I also think if you look at his voting record, this summer he voted in favor of the sweeping changes to eligibility for food stamps and other types of eligibility for public assistance that were in the so-called One Big, Beautiful Bill. In some ways, these will have much more long-term and far-reaching effects in terms of limiting who has access to food stamps and other types of government assistance.
Saturday is when the benefits end. You’ve been reporting on this, Krissy, for a long time. When people lose their benefits, and when they lose them in such large amounts, where do they turn for help? Where do they go to look for food?
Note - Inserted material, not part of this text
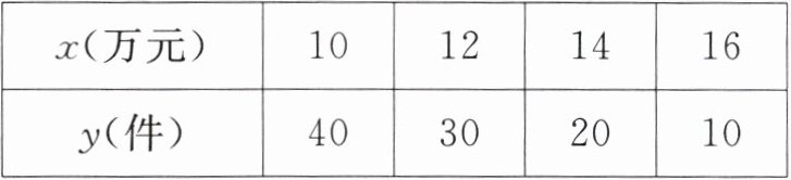 (1)解:由表可知 y 是 x 的一次函数,设 y=kx+b,将(10,40),(12,30)代入,得$\left\{\begin{array}{l} 10k+b=40,\\ 12k+b=30,\end{array}\right. $解得$\left\{\begin{array}{l} k=-5,\\ b=90,\end{array}\right. $

There is a network of food banks and food pantries. The nonprofit sector is obviously trying to fill the gap, but I think anyone you talk to in that world says there’s no way we can replace the kind of support that food stamps offer and that we, collectively as a nation, through our government, offer.
A few years ago I was in Dayton, Ohio, and I was in a Walmart right at midnight, because I knew that when the clock strikes 12:01, you have your monthly benefits. The number of people who, just as the clock struck 12:01, entered Walmart late at night to start buying food, demonstrated the immediate need. This is not something you can wait until the next day. [for] moment.
I ran into this woman who was with her 8 year old son. Their food stamps had already run out since last month. As much as I tried to budget things, I also had a job; I think he worked for Dollar General; I simply couldn’t make ends meet without this help. So think about that on November 1st.